*** Block opens ***
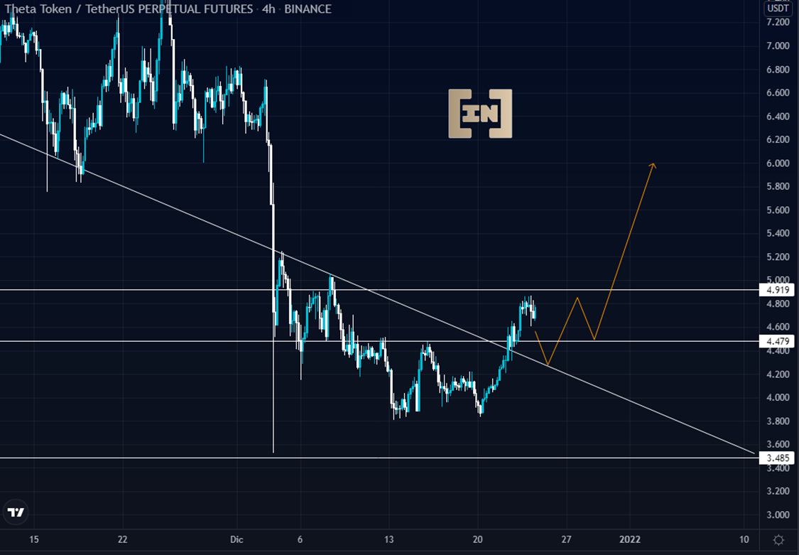 La ruptura sobre el área de los 4.4 dólares proyecta la cotización de THETA sobre los 6 dólares.
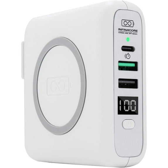 INFINACORE Pandora Portable Power (P3) 8000mAh Fast Charging Qi Wireless Power Bank Charger - Compatible with iPhone 15 14 13 12 11 Pro Max Mini - Phone Laptop iPad Tablet Power Bank - White
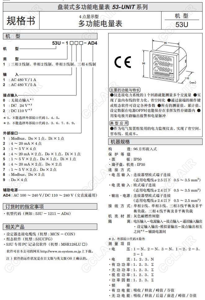 53U,53U-1211-AD4,53U-110,53U-111,53U-112,53U-120,4點(diǎn)顯示型 配電盤嵌入式多功能電量表
*** Block closes ***
== Exercise ==
Take the line containing "INFINACORE Pandora Portable" and every line after it through the end of the data, and write them out exactly, with no pictures.

== Solution to this task ==
 INFINACORE Pandora Portable Power (P3) 8000mAh Fast Charging Qi Wireless Power Bank Charger - Compatible with iPhone 15 14 13 12 11 Pro Max Mini - Phone Laptop iPad Tablet Power Bank - White
 53U,53U-1211-AD4,53U-110,53U-111,53U-112,53U-120,4點(diǎn)顯示型 配電盤嵌入式多功能電量表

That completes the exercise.